English version

    All along the class “introduction to hydrodynamic instability”, we had the opportunity to use the easystab section of Basilisk, which is a wiki composed of programs with the theory used. They are mainly tools to solve EDP (partials differentials equations) on N dimensions, coupled or not coupled. I first learnt to use this model by solving some differential equations (EDP in 0D with time, or stationnary 1D EDP). I then generalized this notion on 2-Dimension and non-linear systems, with Navier-Stokes and Brusselator’s coupled equations. It also gave me the opportunity to use two approach of the solution, with the Jacobian (Defining the function and the associated jacobian) and a Descriptive-dynamic system ( with E-Adt/(E+Adt) kind of equations). I began working also on the geometry of the domains, for example to transform a rectangle into a cavity for ventury, or using cylinder coordinates with cartesian equations. This website is manly for me a “playful” and a learning place, so I tried to write my code as general and as clear as possible. The way theses programs works are very general, so I tried to push forward the way theses codes works.

    Here are some of my codes, mainly developped with Luis.m for the second part :

    Differential equations :

    Classical differential equation

    Here, I tried to create a tool which allow the user to solve any differential equations in one dimension (like time, or a stationnary state of one string).
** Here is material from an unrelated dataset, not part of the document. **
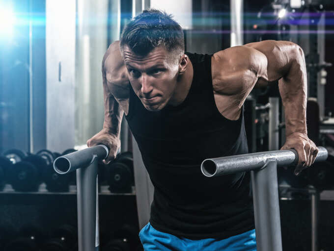 Step 1: Step up on the dip station and hold the handles with both the sides with a neutral grip.

These equation are very often studied in L1 or L2, and are useful in a lot of physicals domains. 1.It is developped for 2order, but it can be easily generalised to 3 or superior order

    1. You can use any couple of coefficient

    2. You can use any kind of sollicitation of the system (sinus, step…)

    3. You can use Dirichlet, Neumann, or second order boundary condition on any points

    4. If the system has no sollicitation, the theorical solution is also calculed

    5. If the system has a solution, the solution is compared with solicitation

    You may improve it by :

    1. Generalizing to higher order

    2. Trace Bode diagrams

    3. Do a differential equation of the sollicitation, wich allow you to study a lot of mechanical system or filters

    4. As this was my first program, some more powerful tools were developped afterward (like easypack). It could be useful to rewrite the program with

    Non-constant differential equation

    Here, I used the same system as the classical one, but with non constant coefficient. The difference between these two programs is very little, but it allow you to a lot of different equations. I tested it on a very classic case : y’+ty=0

    You may improve it by : 1. Doing some classic case : legendre polynoms, Gamma function…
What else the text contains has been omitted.